The hurt left his face quickly, replaced with swagger and arrogance. By gods, his moods seemed as interchangeable as two-legger weather.
“I’ll have you know, I am considered a catch by the mer at home.”
“Oh?” My own eyebrows rose in response. “By who? The blind and the deaf? Or perhaps the homeless.”
Ytgar laughed again, and again my threat had no effect. It was growing quite irksome that nothing I said was absorbed. “By many, many mermaids back in Iol. I am quite popular.”
I snorted. “I can’t see why.” And this bragging about the many, many mer who wanted him did nothing to impress me.
“No?” He took a stroke forward that I was sure he meant with swaggering arrogance and threat. I straightened my back just a bit more as he came impossibly close until I felt his arms brush against mine. Arrogant stick. As if he were entitled to share the same space as me. Yet for some maddening reason, I could not bring myself to move. And when he bent down so our faces were but an inch apart, my breath held. “Possibly,” he whispered, “because I am an excellent kisser.”
My heart thumped so loudly, I feared he’d hear it. Blast my body, being treacherous and infuriating. I swallowed, and glad my voice came out steady. “I doubt that.”
His eyes glowed with the promise of a challenge. “You be the judge of that.”And then Prince Ytgar Neves Isolde of Iol kissed me.
My hands gripped his shoulders, my mind screaming at me to push him away and punch him straight in the jaw. Even as my body melded closer to his, even as I opened my mouth to let him slip his tongue inside to tangle with mine, my fingers curled into his fur-lined coat to hold him tighter.
Treacherous, foolish body.
But, oh, his touch felt so good.
It was like I was drowning on air, and he was the only thing that could supply me with the water I needed to survive. A strange notion, to think of a kiss that way.

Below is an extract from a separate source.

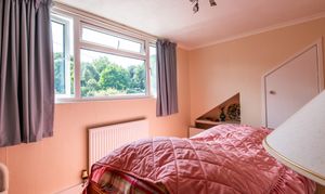 Also located on the first floor and enjoying a rear aspect, Bedroom Two offers beautiful views across the surrounding countryside. The room is well-proportioned with sloped ceilings adding architectural interest, and includes a radiator, built-in wardrobe cupboards, and a further eaves storage cupboard. Ideal as a guest room or second suite, it provides both charm and practicality in equal measure.

To feel it so refreshing and down to the marrow in my bones, the blood in my system, the beating of my heart.
And like everything in my life, it lasted too short a time.
We pulled away slowly, and even if I was aware of the flush brightening my cheeks. Slowly, he pulled back from me, a gleam of triumph in his eyes.
Well, we couldn’t have that, could we?
I willed the blush away and snorted.
“Apparently, our definitions of the word ‘excellent’ are quite different, indeed.” That being said, I whirled and swam away.